Currently, the market is flooded with a host of tax free bonds of 10 year and 15 year duration. There are as many as nine such IPOs which are on. All from government companies with a high safety rating and low credit risk –

Company

Interest Rates for 15 years

Pre-tax yield – 30% tax bracket

HUDCO

7.69%

11.13%

Ennore Port

7.67%

11.10%

IRFC

7.54%

10.90%

PFC

7.54%

10.90%

REC

7.54%

10.90%

IIFCL

7.52%

10.88%

 Dredging Corporation

7.47%

10.82%

Jawaharlal Nehru Port Trust

7.32%

10.60%

NHB

7.32%

10.60%

The volatile and uncertain performance of the equities market has resulted in investors opting for safe returns from fixed income schemes. Yet, these schemes do not seem to be getting a great response.  Bank and company fixed deposits, fixed maturity plans and capital protection plans of up to 3-5 year duration are more popular. Some of the reasons of this could be

  • Investors do not like to think too ‘long term’, beyond maybe 5 years.

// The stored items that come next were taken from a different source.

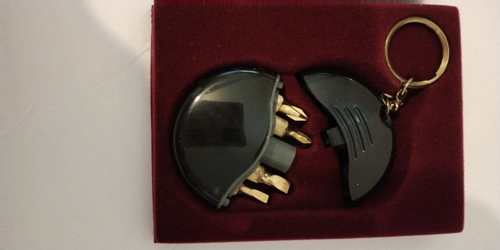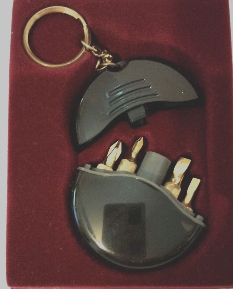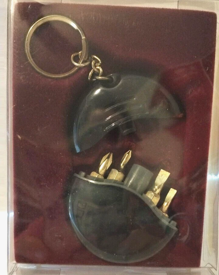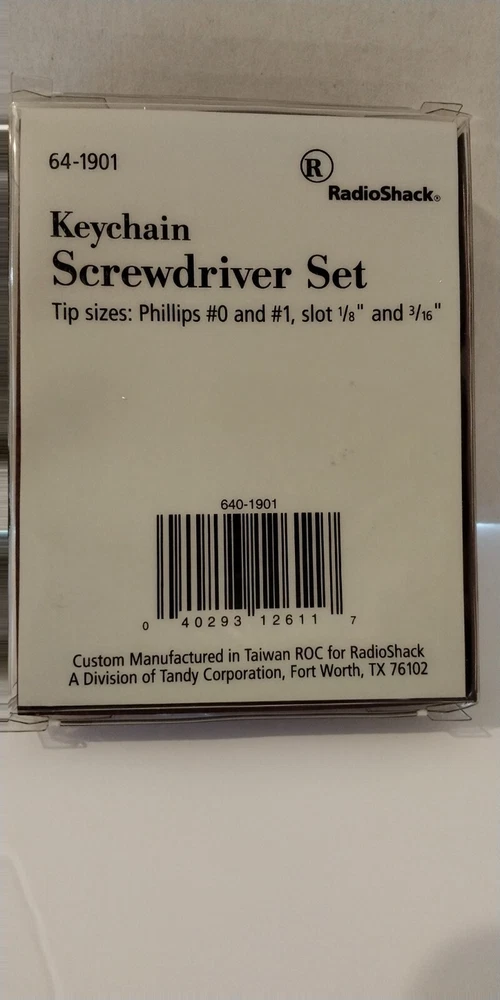 Radio Shack Item# 64-1901 New/Vintage/Collectible Keychain Screwdriver Set Keyring On Chain 4 Tip Sizes: Phillips#0 & #1, Slot 1/8 & 3/16 Color: Black Plastic Case Metal Tips As Seen In Photos From A Smoke Free Home This vintage collectible keyring set from Radio Shack is a must-have for any modern era enthusiast. The black color and plastic & metal material make it a durable accessory to keep your keys organized. The detachable keyring and screwdriver set features make it a versatile tool for everyday use. Perfect for collectors or anyone who appreciates a unique and functional keychain.
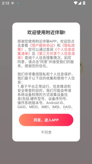 1、首次启动应用时,需在弹出的窗口页面点击同意用户协议,之后才能进入应用的主界面。
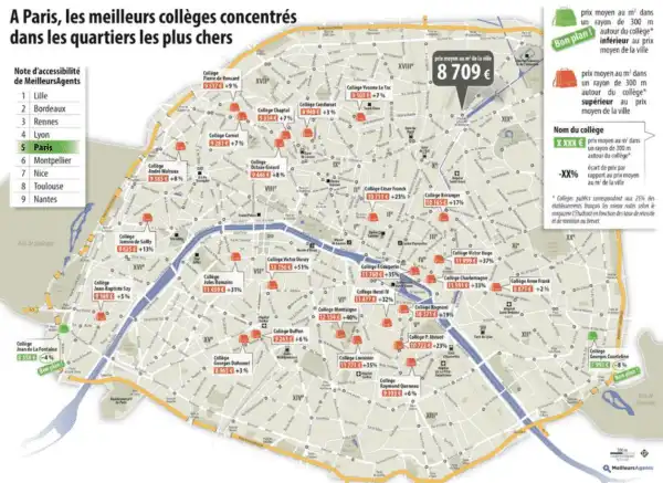 When deciding where to live in a city, what sort of things play a role in the decision? Nearby schools are undoubtedly near the top of the list for those with children and a study by Meilleursagents shows that you will pay on average 17% more for a property within a few minutes walk of one of Paris’ best schools.

They hesitate to invest in schemes which of longer duration.
  • The greatest disadvantage is lack of enough liquidity. Though these bonds can be traded on the exchange if held in dematerialized form, the volumes are very low and doing that would mean that the investor gets a much lower yield. And, he is also liable to pay capital gains tax at the applicable rates(long term if sold after an year @ 10 %, or 20 % with indexation) . So, the bonds lose their ‘tax free’ property.
  • Interest rates are on a downtrend today. But since interest rate trends tend to change/reverse after every few years, a small section of investors may feel that if the interest rates rise again in a few years, or if the stock markets become favorable, they may lose out by locking in their funds now for such long periods at the current rate.

Why, who and how much should one invest in these ?

  • The higher the income tax bracket you fall in, the more attractive these bonds are for you. For someone in the 30 % tax bracket, the differential tax adjusted yield is much higher than for those with a lower percentage of tax liability; hence it is worth investing in spite of the long lock-in period.
  • Invest only a small fraction of your funds- that you can spare for 10-15 years without the pressure of withdrawal. These schemes are best suited to meet long term goals like saving for retirement or future higher education or marriage of a young child.
  • Before allocating your savings to these, do consider and give priority to other similar tax free avenues available like Public Provident Fund – which offers partial liquidity after 5 years, and after exhausting the maximum investible limit in these, tax free bonds may be considered.

DISCLAIMER : All the views expressed here are just for informative purposes and do not constitute or indicate any kind of investment recommendation.